How to integrate diffusion into a real pipeline
Diffusion generators work best as the first stage of a longer pipeline. On their own they produce interesting candidates but do not account for developability, synthesis, or specific property targets. The pipeline pattern that works in practice:
- Step 1: Define the pocket. Use a crystal structure if you have one, or a prediction from a structural model like Boltz-2 if you do not.
- Step 2: Generate with the diffusion model. Sample a few hundred candidates per pocket.
- Step 3: Filter aggressively on drug-likeness, synthesis score, and forbidden motifs.
- Step 4: Dock survivors with a traditional docking program to validate pose.
- Step 5: Rank with an ML binding predictor or a physics-based scoring function.
- Step 6: Pass the top 10 through a chemistry LLM like TxGemma for a written rationale.
- Step 7: Human chemist review.
For a hands-on walkthrough of this exact pipeline on SciRouter, see the pocket-to-lead tutorial.
Open problems
Property control
Diffusion generators do not let you say “please produce molecules with logP between 2 and 4.” Classifier-guided diffusion offers a path but is computationally expensive and still in active research.
Explicit multi-objective optimization
Real drug discovery has many competing objectives (potency, selectivity, solubility, metabolism). Diffusion models do not handle multi-objective optimization as naturally as RL methods do.
Synthesis-aware generation
Building synthetic accessibility into the generator itself rather than filtering after the fact is an active research area. Early results suggest it is possible but not yet production-ready.

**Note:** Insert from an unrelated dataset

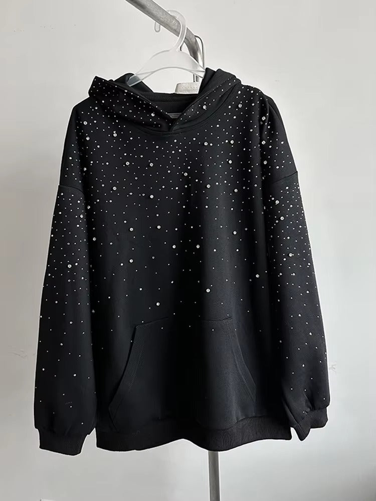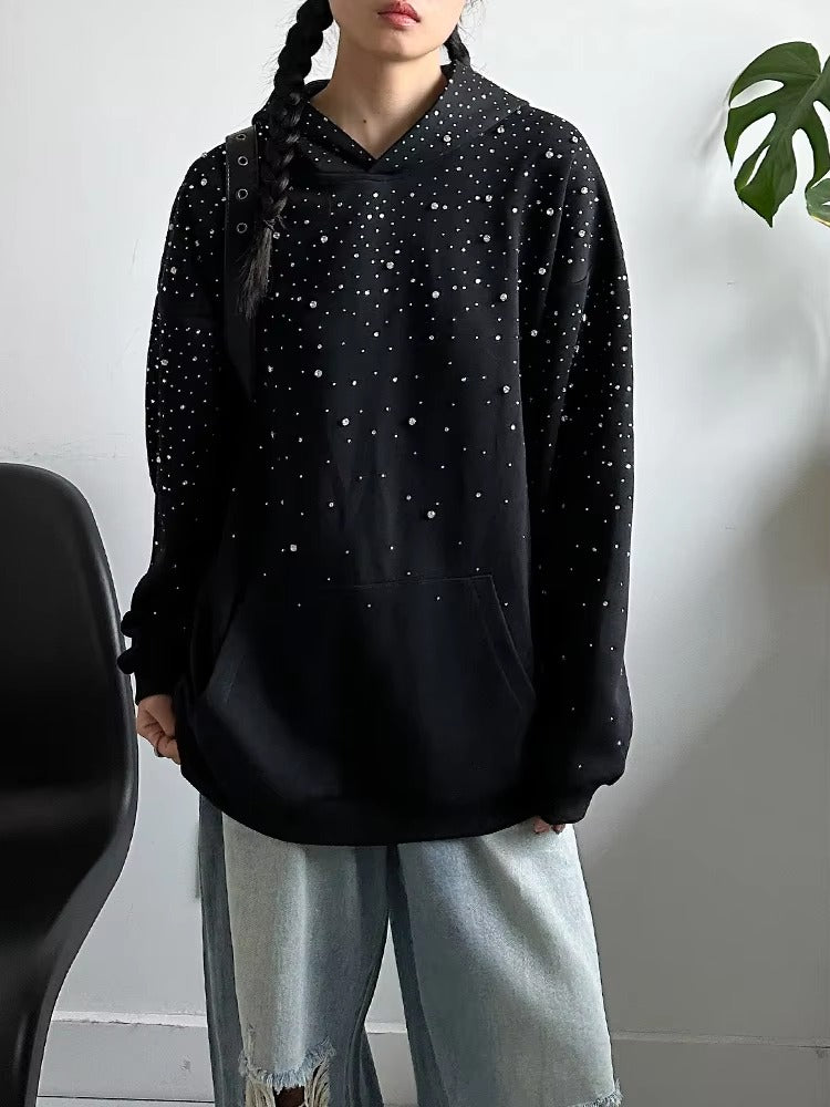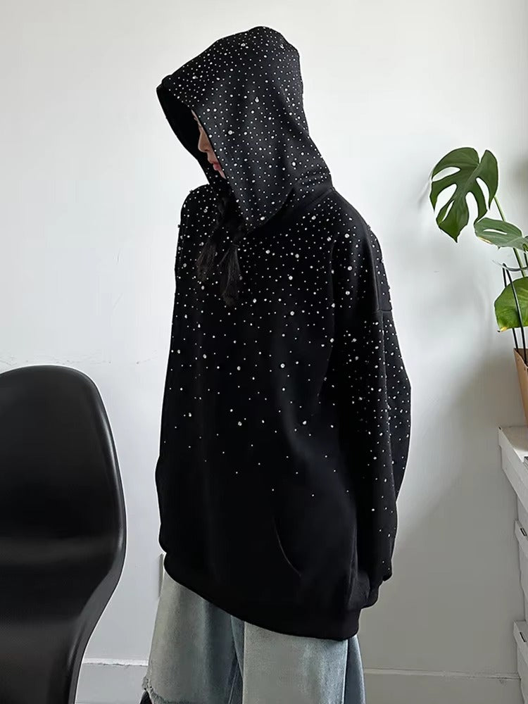 The Black Rhinestones Shining Thick Hoodie is crafted for those who love to blend luxury and streetwear attitude. Every shimmering detail of its rhinestone design catches the light, giving you that subtle yet bold glow that commands attention.

Rare and novel chemistries
Generators are biased toward the training distribution. If your target needs unusual chemistry that is under- represented in CrossDocked, the generator will under-serve you.
Where SciRouter fits
SciRouter's job is to take all of this infrastructure off your plate. You call DiffSBDD through a managed endpoint, pass a pocket, and get candidates. You chain into Boltz-2, an ADMET predictor, TxGemma, and whatever else you need — all through a single API. You do not provision GPUs, you do not manage weights, and you do not write glue code between four different research repositories.

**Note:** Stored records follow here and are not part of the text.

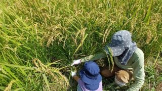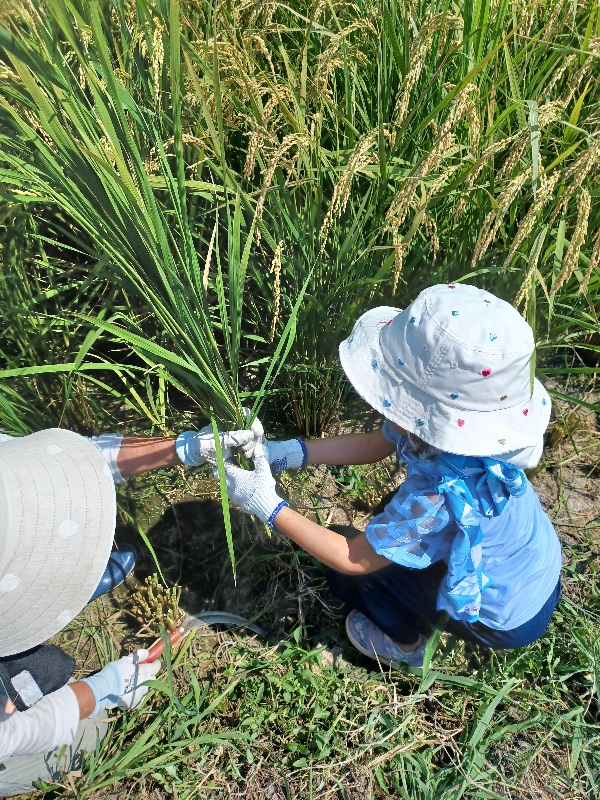 日陰のない暑い暑い田んぼで、軍手を着けて鎌の使い方を習って、一人ずつ丁寧に刈り方を教わります。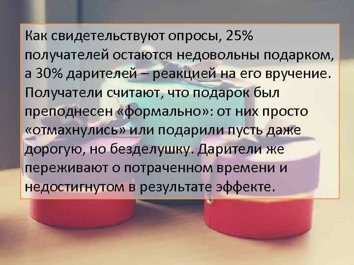 Как свидетельствуют опросы, 25% получателей остаются недовольны подарком, а 30% дарителей – реакцией на его вручение. Получатели считают, что подарок был преподнесен «формально» : от них просто «отмахнулись» или подарили пусть даже дорогую, но безделушку. Дарители же переживают о потраченном времени и недостигнутом в результате эффекте.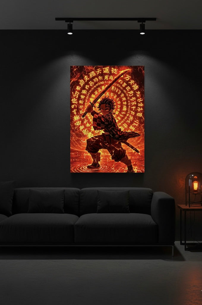 • Appearance & Resolve: Tanjiro is shown in his iconic checkered haori (jacket) and Demon Slayer uniform. His stance is one of fierce determination, reflecting his unwavering resolve in the face of impossible odds.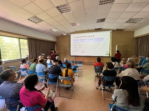 首先,由農糧署東區分署張秉浤課員講解油茶產銷履歷申請注意事項與補助事宜,老師特別分享油茶夥伴最多疑慮的加工驗證進行說明,並協助逐一解惑,透過講師的說明與討論,讓油茶的夥伴們能充分的了解加工驗證與貼標相關流程與規定;緊接著羅士凱股長,進行油茶的栽培管理課程,透過介紹油茶每個季節所生長的生理特性引導學員如何給予油茶樹相關施肥施藥建議,讓學員們能夠簡單易懂的理解;由蘇光明秘書長介紹自身在使用的機械化油茶剝殼機、乾燥設備與簡易的乾燥設備,希望在地能透過機械化設備導入提升在地油茶籽的新鮮度。

For a broader overview of the structure-based AI playbook, see our structure-based drug discovery AI playbook.
Bottom line
3D drug design with diffusion models is real, mature enough to be useful in production, and still rapidly improving. The winning pattern is to treat the generator as the first stage of a longer pipeline, to evaluate across multiple metrics rather than chasing a single number, and to keep humans and physics-based models in the loop for validation.